1. What causes bedrock weathering? 2. How does taking a whole watershed approach aid researchers in quantifying rates of bedrock weathering? 3. What factors influence the rate at which organic matter is broken down?

#### 21.6 in Aquatic Ecosystems, Most Nutrients Regenerate in the Sediments

21.6 In aquatic ecosystems, most nutrients regenerate in the sediments Because most cycling of elements takes place in an aqueous medium, the chemical and biochemical processes involved are similar in terrestrial and aquatic ecosystems. However, the location of decomposition differs between terrestrial and aquatic ecosystems. In terrestrial ecosystems, nutrients regenerate close to the location, where they are taken up by producers. In aquatic ecosystems, however, most nutrients regenerate in sediments, which are often far below the surface waters that contain dominant producers, such as phytoplankton. In addition, in terrestrial ecosystems, aerobic decomposition is most common, whereas decomposition in the sediments and deep waters of aquatic ecosystems is typically anaerobic, which is considerably slower. In this section, we will investigate how decomposition operates in streams and wetlands, which receive much of their energy from leaves that blow in from the surrounding terrestrial environment. We will then examine the important role of sedimentation in rivers, lakes, and oceans and explore how stratification of water affects the movement of regenerated nutrients in lakes and oceans.

Allochthonous Inputs to Streams and Wetlands

As we have discussed in Chapter 6, streams and small, forested wetlands receive a major portion of their energy from the surrounding terrestrial environment from allochthonous inputs in the form of dead leaves that fall into the water. The decomposition process of leaves in a stream is similar to the process on land. As the leaves settle onto the bottom of the stream, the first stage is the leaching of soluble compounds, followed by the shredding of the leaves into smaller pieces by invertebrates such as amphipods, isopods, and larval caddisflies. At the same time that leaves are being shredded, fungi and bacteria are working to decompose the leaves much as they do on land. Given the similar processes in both the terrestrial and stream ecosystems, it is perhaps not surprising that the rate of leaf decomposition depends on the temperature of the water and the chemical composition of the leaves. To determine the rate at which leaves decompose in streams, aquatic ecologists follow a protocol that is similar to the protocol used by terrestrial ecologists.

Newly fallen leaves are collected, weighed, and placed into mesh bags that are submerged in the stream. The mesh bag allows aquatic invertebrates to enter the bag without losing any of the leaves. Over time, the bags are removed from the stream, dried, and reweighed to determine the amount of leaf mass that remains. To determine how leaf composition affects leaf decomposition rates, researchers placed coarse-mesh bags of nine leaf species into a stream located in the Black Forest of Germany and removed the bags over time. The nine leaf species differed a great deal in their nitrogen, phosphorus, and lignin content. The findings were that leaf decomposition rate is not related to the amount of nitrogen or phosphorus in the leaves but it is strongly associated with the lignin content of the leaves, as shown in Figure 21.18a.

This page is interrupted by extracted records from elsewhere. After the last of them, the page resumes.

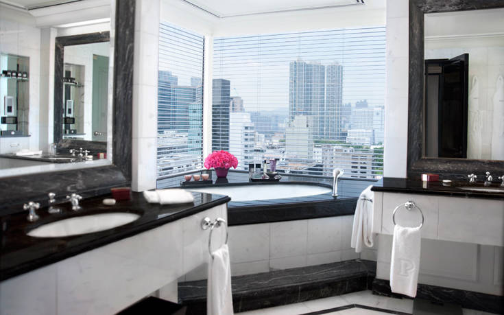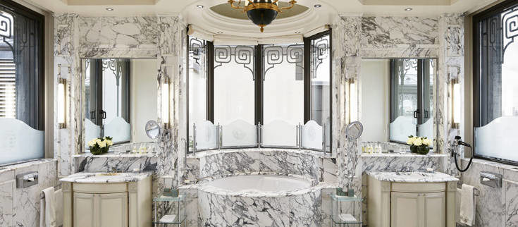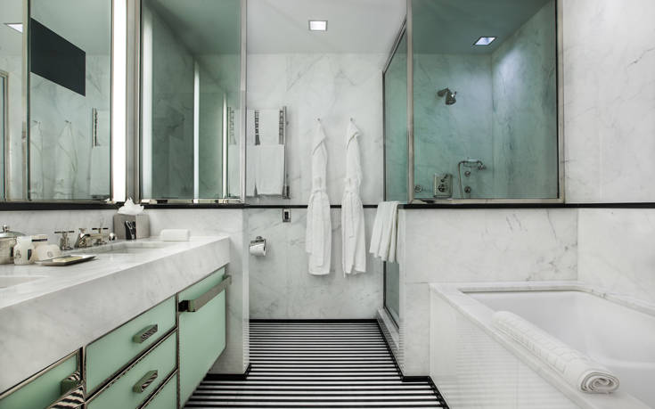 Το master λουτρό αποτελείται από λευκά πολυτελή μάρμαρα, διαθέτει θερμαινόμενα δάπεδα, τηλεόραση επίπεδης οθόνης καθώς και θερμαινόμενα ράφια για τις πετσέτες. Στα συν η μεγάλη μπανιέρα με το γυάλινο περίβλημα, καθώς και τα προϊόντα περιποίησης από τον πολυτελή γαλλικό οίκο Hermes –αποκλειστικά δημιουργημένα για το ξενοδοχείο.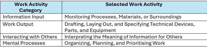 The generalised Work Activities are organised into 4 main categories: Information Input, Work Output, Interacting with Others, and Mental Processes. Given the necessarily limited scope of the pilot, we select from each category the Work Activity that is present across the greatest number of O*NET professions, shown in Figure 1. This gives the best balance between feasibility and drawing meaningfully generalisable conclusions.
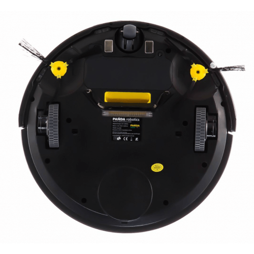 Una vista de la parte inferior del dispositivo revela la rueda delantera, que permite al robot aspirador Okami S80 navegar en cualquier dirección. A los lados de la rueda se encuentran los terminales a través de los cuales se carga el dispositivo desde la estación de carga. A los lados se encuentran los cepillos laterales, y en el centro de la parte inferior hay un canal de succión a través del cual se recogen los residuos. Junto a él se encuentra la tapa de la batería, y un paño de limpieza húmedo está fijado en la parte trasera.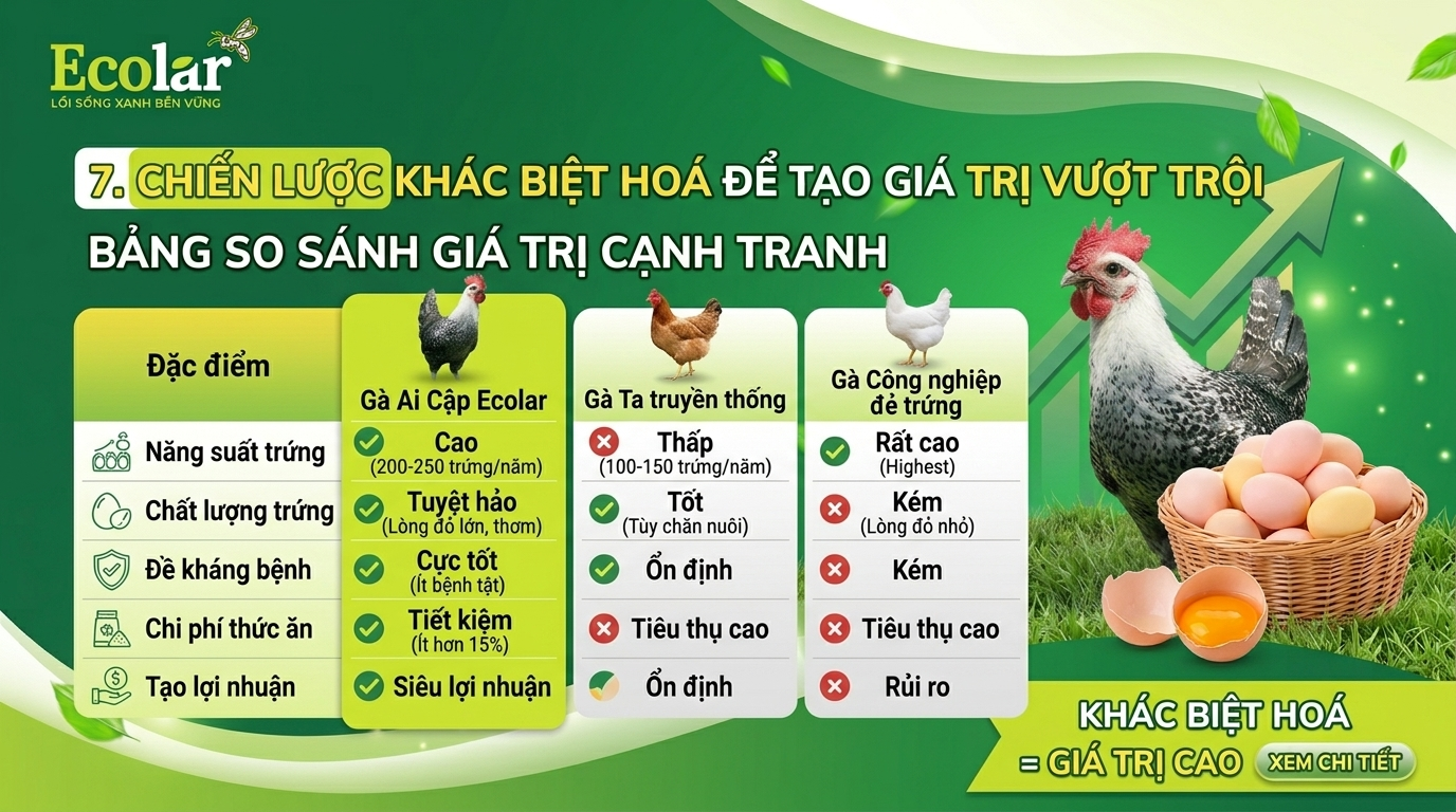 Chiến lược khác biệt hoá gà Ai Cập, chiến lược khác biệt hoá gà Ai Cập nên tập vào: giá trị dinh dưỡng (chứng nhận lab), thuần sạch (không kháng sinh), giá trị văn hóa (câu chuyện nguồn gốc), và chuỗi cung ứng minh bạch. Theo Nielsen, 66% người tiêu dùng sẵn sàng trả thêm cho sản phẩm bền vững (Nielsen, 2015). Ví dụ cụ thể: đánh dấu “thuần sạch” và tăng giá 20% (từ 100.000đ lên 120.000đ/chiếc) — mẫu thử tại 2 chợ cho thấy tỷ lệ mua không giảm quá 15%. Tôi đã từng thử A/B test giá với 500 khách; kết quả rõ ràng.

Figure 21.18 Leaf decomposition in a stream. (a) When nine species of leaves in mesh bags were added to a stream in Germany, the decomposition rate was slower in leaf species that contained more lignin in their tissues. (b) The researchers also assessed the contribution of aquatic invertebrates to leaf decomposition by using large-mesh and fine-mesh leaf bags. After 55 days, the leaves in the fine-mesh bags, which excluded invertebrates, experienced 20 percent less decomposition compared to the large-mesh bags, which allowed invertebrates to enter. Error bars are standard errors. The researchers also were interested in knowing how important the invertebrates were in the decomposition process. To answer this question, a second set of leaves was placed into fine-mesh leaf bags that prevented invertebrates from entering. As you can see in Figure 21.18b, leaf decomposition was about 20 percent higher in bags where invertebrates had been allowed to enter. This demonstrates that the invertebrates play an important role in breaking down the organic matter. The small wetlands that exist in forests also receive a large proportion of

##### Decomposition and Sedimentation in Rivers, Lakes, and Oceans

their energy from leaves. Similar to leaves in streams, the decomposition of leaves in forested wetlands is largely tied to the lignin content. Moreover, the breakdown rate of the leaves has widespread effects on the entire food web and functioning of the ecosystem.

And Oceans

In most rivers, lakes, and oceans, organic matter sinks to the bottom and accumulates in deep layers of sediments. While some nutrients are recycled in the surface waters when animals excrete waste or when microbes in the surface water decompose organic matter, most organic matter sinks to the sediments. As a result, most nutrients must come from the sediments, although they will return slowly to the productive surface waters. The process of nutrient regeneration in sediments of aquatic ecosystems helps us understand many patterns of ecosystem productivity. For example, you might recall from Chapter 20 that the least productive aquatic ecosystems are the deep oceans where the benthos is far from the surface waters (see

Figure 20.6). Shallow oceans are more productive, in part, because the sediments are much closer to the surface waters and can therefore regenerate nutrients to the surface water more quickly through decomposition. The upwelling of water from the deep sediments to the surface brings nutrients from the site of regeneration to the site of algal productivity. In addition, some of the most productive regions of the ocean occur at the upwelling of water along the coasts of continents, where currents draw deep, nutrient-rich water up to the surface (see Figure 5.11).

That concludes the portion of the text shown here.